Question

At a certain pizza parlor, 43% of the customers order a pizza containing onions, 33% of the customers order a pizza containing sausage, and 67% order a pizza containing onions or sausage (or both). Find the probability that a customer chosen at random will order a pizza containing both onions and sausage.

Answer 1

To find the probability of a pizza containing both onions and sausage, we used the principle of inclusion-exclusion, which resulted in a calculation showing that the probability is 9%.

Step-by-step explanation:

To find the probability that a customer chosen at random will order a pizza containing both onions and sausage, we can use the principle of inclusion-exclusion in probability. According to the data provided, 43% of the customers order pizza with onions, 33% with sausage, and 67% order pizza containing either onions or sausage (or both). The principle of inclusion-exclusion states that the probability of either event A (onions) or event B (sausage) occurring is the sum of the probabilities of each event occurring separately minus the probability of both events occurring together. This is given by the formula P(A OR B) = P(A) + P(B) - P(A AND B). We use it to solve for P(A AND B) (the probability of both toppings), which is the unknown we are looking for.

According to the formula:

• P(Onions) = P(A) = 0.43
• P(Sausage) = P(B) = 0.33
• P(Onions OR Sausage) = P(A OR B) = 0.67

P(A AND B) = P(A) + P(B) - P(A OR B)

P(A AND B) = 0.43 + 0.33 - 0.67 = 0.09 or 9%

Therefore, the probability that a customer chosen at random will order a pizza containing both onions and sausage is 9%.

Answer 2

Answer:

9%

Step-by-step explanation:

The percentage that a customer request for a pizza that contains onion = 43%

The percentage that a customer request for a pizza that contains sausage = 33%

The percentage that a customer request for a pizza that contains onion and/or sausage = 67%

We can represent this using probability notations

P(Onions) = 43% = 0.43

P(Sausage) = 33% = 0.33

P(Onions and/or Sausage) = 67% = 0.67

P(Onions and/or Sausage) can be translated to customers that request for pizza containing "Onions only" , "Sausage only", "Onions and Sausage"
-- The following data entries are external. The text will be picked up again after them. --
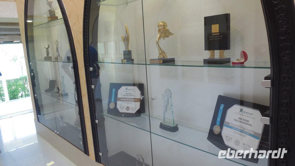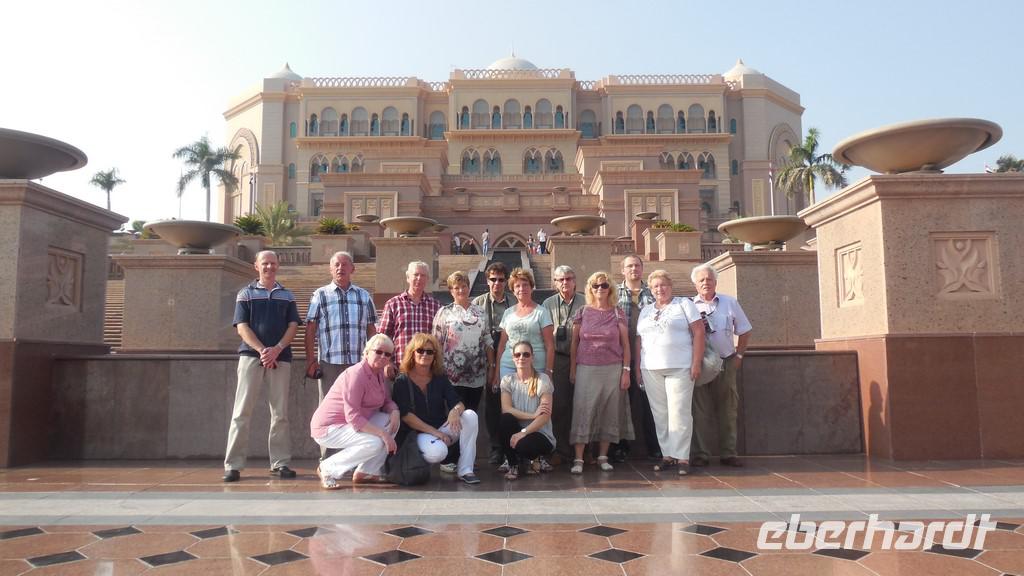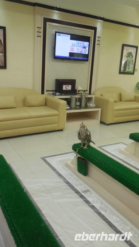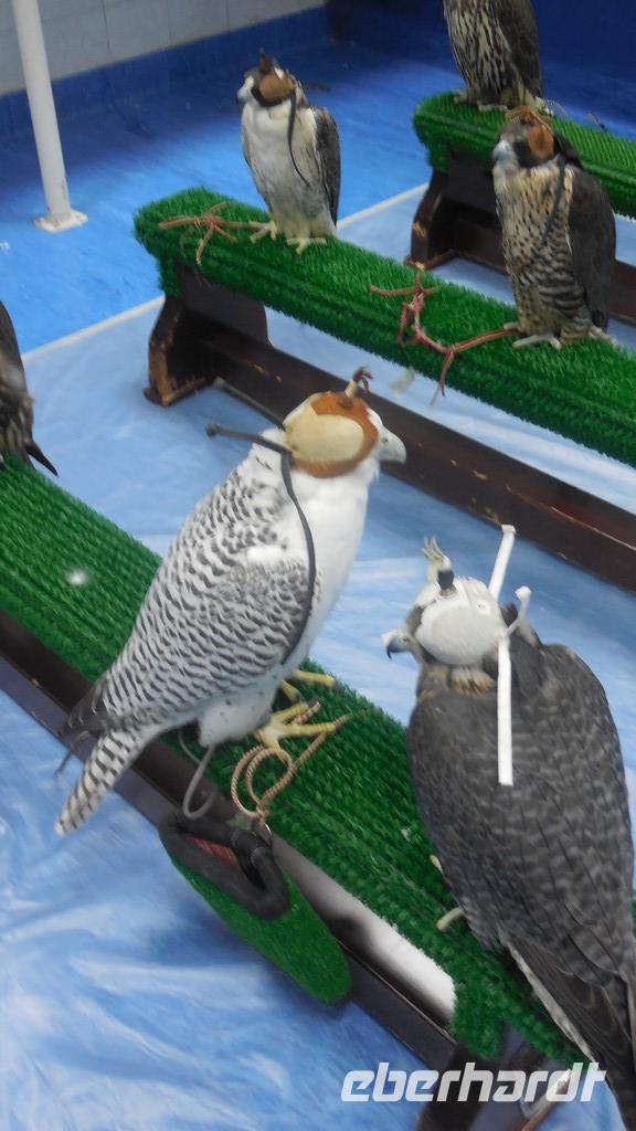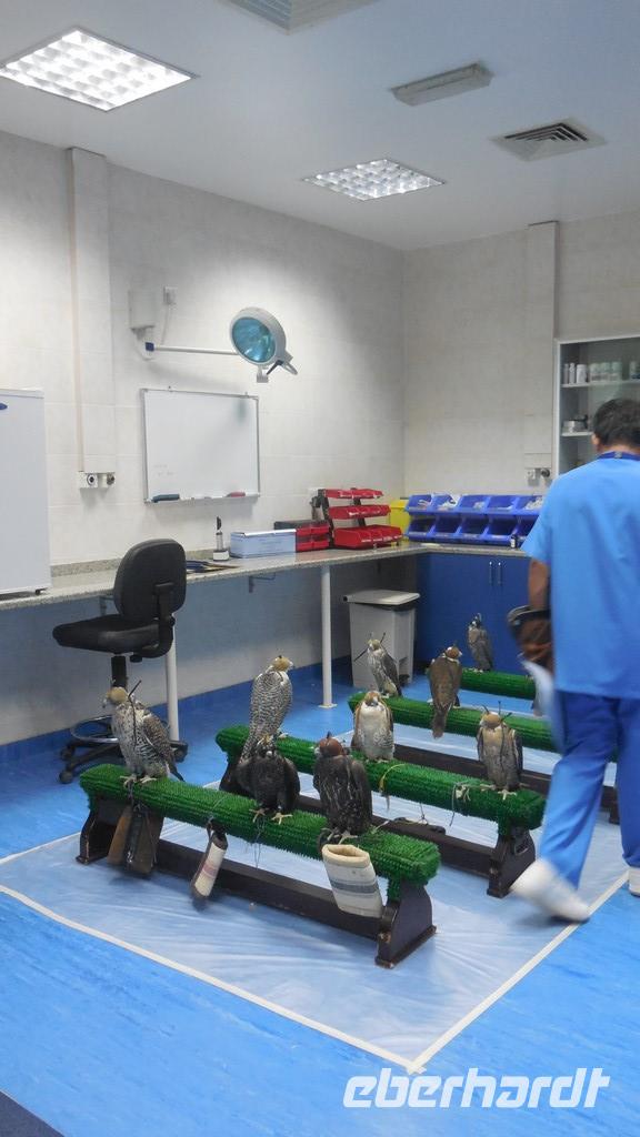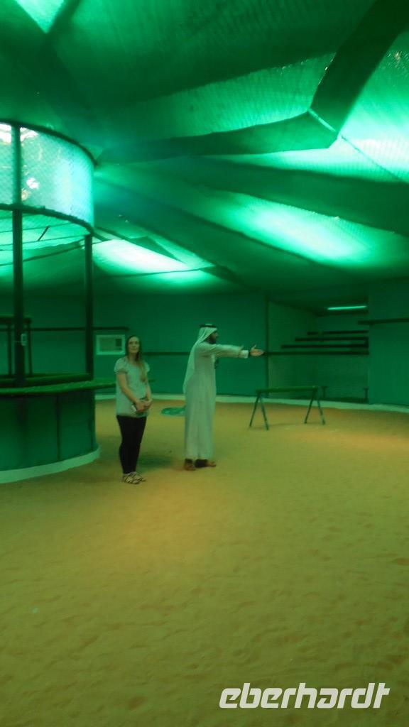 Bereits um 7 gab es Frühstück. Aber da wir ja sowieso um 5 den "Weckruf" hörten, war es nicht schlimm. Heute stand Abu Dhabi, die Hauptstadt der Vereinigten Emirate auf dem Programm. Anja erzählte uns auf der Fahrt sehr viel über die Geschichte, auch wie die Emirates entstanden sind und wie reich Abu Dhabi an Öl ist. Man sieht zwar keine Grenze, zum anderen Emirat, merkt aber sehr schnell dass man über die Grenze ist. Vor allen an dem vielen „Grün" und den Straßenlampen. Wir besuchten als erstes die berühmte Falkenklinik, von Frau Dr. Müller. Das große Gelände, der vornehme Eingangsbereich und die vielen Angestellten, zeigte uns schon, dass diese Tiere, hier etwas ganz besonderes sind. Mehrere Scheichs waren mit ihren Falken da. Insgesamt werden hier täglich 80 -100 behandelt. Wir lernten sehr viel über diese edlen Tiere, die schon mal den Preis eines Kleinwagens haben, bis nach oben offen... Die modernen Behandlungsräume, der Röntgen- oder OP-Saal, alles vom feinsten. Wir sehen wie die Krallen geschnitten werden, damit sich die Tiere nicht verletzen . Es können auch die Federn repariert werden. Viele werden aber auch untersucht, wenn sie neu sind und werden gechipt. Wir sehen auch einen großen Raum, dort „erleben" die Falken die Mauser. Frau Dr. Müller hat bereits viele Preise erhalten.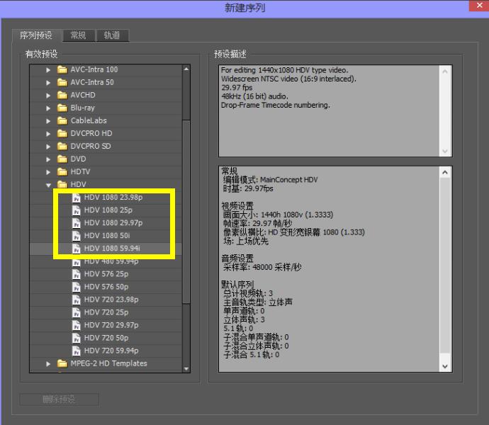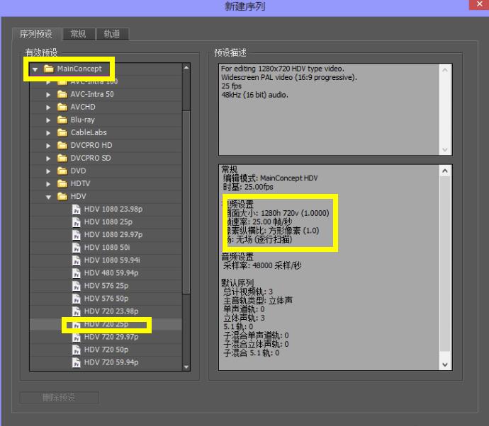 4、在彈出的序列中選擇HDV 720 25P的格式,然后制作出來的視頻尺寸就是1280x720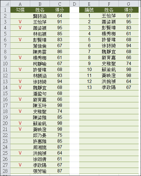 在 Excel 中有一個資料表(如下圖左),如果要根據勾選的結果,自動依序列出有勾選的人員名冊,並列出編號、姓名、得分(參考下圖右),該如何處理?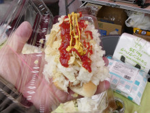 「やりすぎまぐろフェス」フィナーレイベントでやりすぎ企画にちなんだ盛りすぎホットドッグ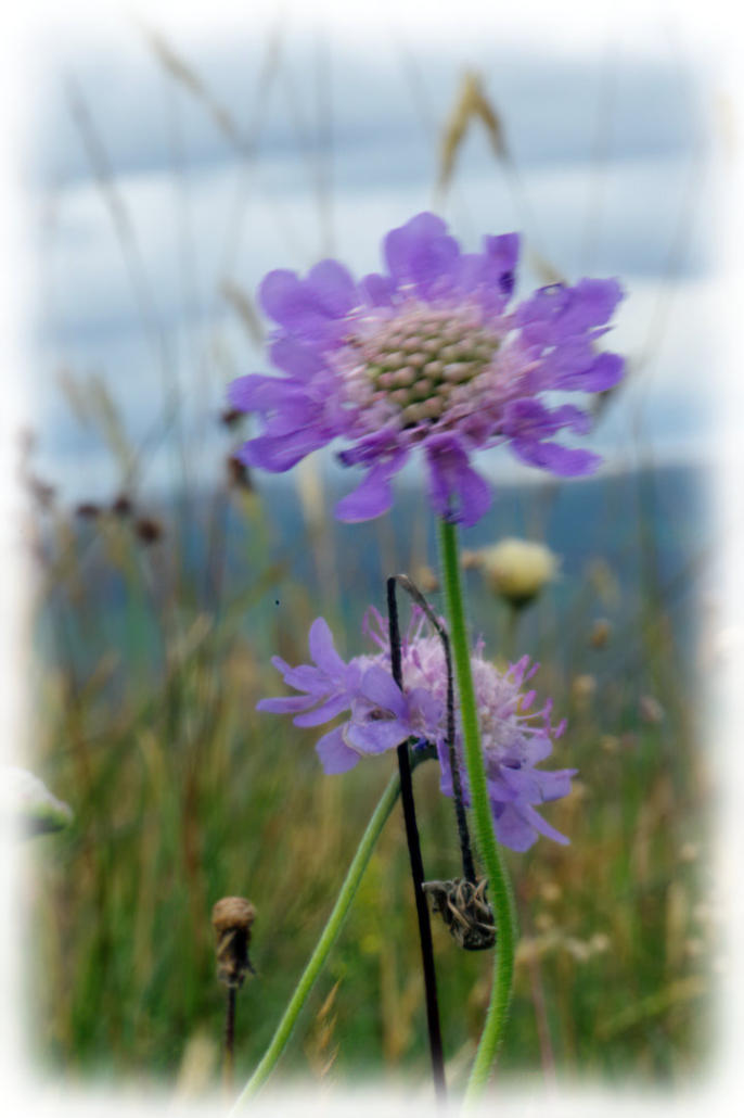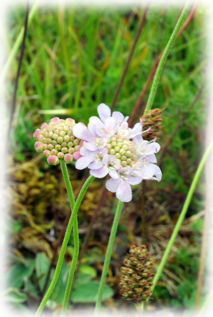 Field Scabious flowering at side of the Pennine Bridleway in the Ingleborough Nature Reserve

Mathematical, we represent the above statement:

P(Onions) + P(Sausages) - P(Onions and Sausage)

So, we have

P(Onions and/or Sausage) = P(Onions) + P(Sausages) - P(Onions and Sausage)

0.67 = 0.43 + 0.33 - P(Onions and Sausage)

0.67= 0.76 - P(Onions and Sausage)

P(Onions and Sausage) = 0.76 - 0.67

P(Onions and Sausage) = 0.9

So, the probability of a customer making an order of pizza that contains onions and sausage is 0.9 or 9%